The diaphragm assembly is probably bad (Hoslet #3594736).

You can pull it off by removing the 2 10mm nuts and cir-clip. Just twist and pull. Be sure to inspect the o-ring between the diaphragm tube and outlet.

If you like I can pay it forward off my old HY. Just let me know. Mike
 
I think you need to get new clamps or something! My clamps and boots are all stock and never blew one off, running 36psi ALOT! :D
 
Make sure it isn't just the wastegate itself and not the diaphram. You shouldn't be able to move the rod up into the diaphram without alot of force. Try putting a regulated amount of air (20 - 30psi) on it and check for movement.

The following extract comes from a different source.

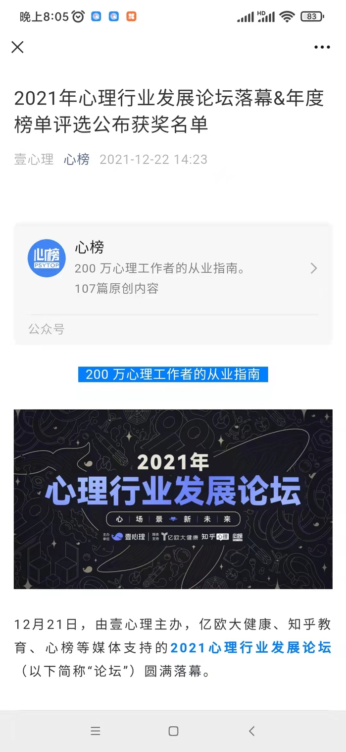 近日,国家级心理学专业平台“壹心理”主办的“迎新年心理行业发展论坛”圆满落幕。本次论坛以“心场景 新未来”为主题,以线上主题演讲、对话的形式展开,邀请行业内外众多领域的专家、学者、从业者以及来自教育、医疗、自媒体等相关领域知名人士与会,以心理学行业应用场景和从业者职业发展路径探索为主题进行热烈讨论,对心理学行业进行了多视角、多领域、深层次的解读与分享,对其未来发展提出了憧憬展望与建设性思路。论坛进行了综合性评选活动,我校人文与管理学院心理学教研室杭荣华教授基于在心理督导工作方面的优异表现,获评“十佳优质督导师”荣誉称号。

Thought the same thing on mine until I got it apart. after lubing the flapper shaft with syn. lube and working it around it frees up and is working again. good luck.
 
i second the actutor not the pivot point as the pivot is a bushing, no moving parts. The blowing intercooler boots off at 30-35psi is nut they should hold way way then that. like at LEAST double that psi... they should how 75 psi no problem... so some thing is wrong there. . clean the boot inside and out and the air horns too then use good t bolt clamps.....

Merry christmas,

Deo
 
Thanks guys I will pull the wastegate accuator off when I get time and see if it is bad. I have had the boots off a couple times and cleaned them up but they do not stay. I even did a little sled puller trick and put hair spray on the inside of the boots but that did not help. It is always the same boot and it blows if I get on it really hard really fast or downshift under load. I think if I can get the wategate working again it will help. Just hope I have not hurt too much with the spikes. Thanks again for the help.
 
Finally got the Wastegate apart tonight. Took the accuator off and tested it with some regulated air and it opens around 22 psi just like it should. The more air I add the longer it goes out just like it should. I got under the truck and checked and the flap that the E-clip is on will not move. No way no how!! So is it worth it to take the turbo off, try and clean the wastegate and put it back on or will I never get it to free up?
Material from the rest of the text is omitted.